- [WHAT TO WORK ON]:
Repeat exactly the lines of the records below, starting at the line containing "2017 –2018 Department" and ending at the line containing "Opening Ceremony at Women's Conference". Leave the pictures out.

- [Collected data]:
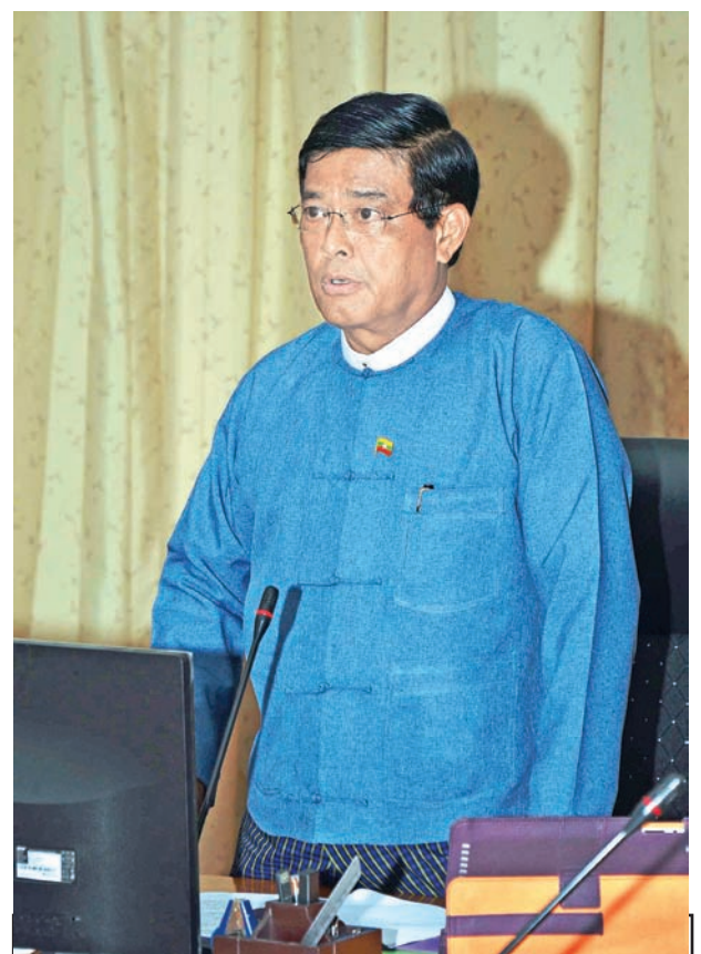
Vice President U Nyan Tun addresses second meeting on reduction plans of environmental degradation resulted from explorations of natural resources.
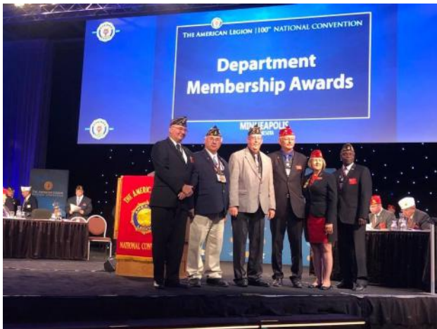
2017 –2018 Department of Minnesota receiving their membership award.
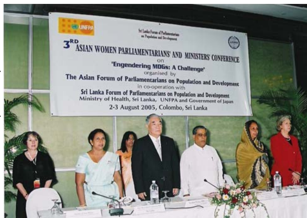
Opening Ceremony at Women's Conference

The Conference brought together male and female parliamentarians and women Ministers to review the current situation of women in the region and examined the role played by both male and female parliamentarians in improving the status of women, and how to implement legislation to empower women. Also discussed was the impact of MDGs in promoting gender equality and the empowerment of women. Deputy Executive Director of UNFPA Ms. Imelda Henkin spoke on “MDGs: What Do They Mean For Women?” and was quite clear that all parliamentarians can and must be a powerful force for change. Other topics, which were presented and actively discussed among the participants, were “Women and Poverty: Do MDGs Matter?”; “The Silent Tsunami: Sexual and Gender Based Violence – A Violation of Women's and Girls Right to Health”; “HIV/AIDS – Women are Especially Vulnerable”; Education and Employment: Discrimination Continues”; “Criticality of
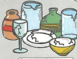
Crockery, dishes, etc.
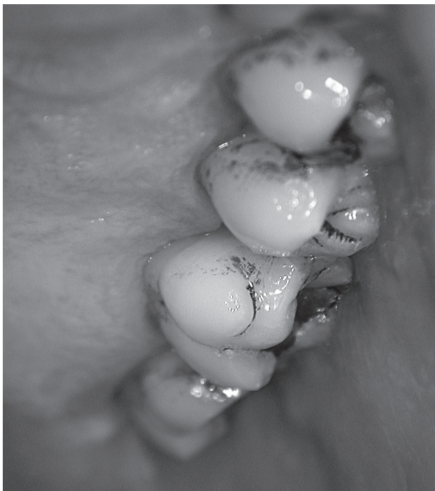
Fig. 1: Postoperative intraoral view on palatal aspects of upper posterior teeth. Note the very small gingival recession at the first upper molar done by a minimal postoperative shrinkage of the previously mobilized gingival flap to get access to the persistent infrabony defect

The two cases, in which we observed in the postoperative period premature loosening of the suture associated with exposure of the augmentation material into the oral cavity, resulted in reepithelisation of the dehiscence and successful healing of both surgical wounds. In conclusion, postoperative complications occurred in 50% of the treated individuals, however, they did not affect the success of the treatment. Higher price will be considered as a time- and

- [TASK RESPONSE]:
2017 –2018 Department of Minnesota receiving their membership award.
Opening Ceremony at Women's Conference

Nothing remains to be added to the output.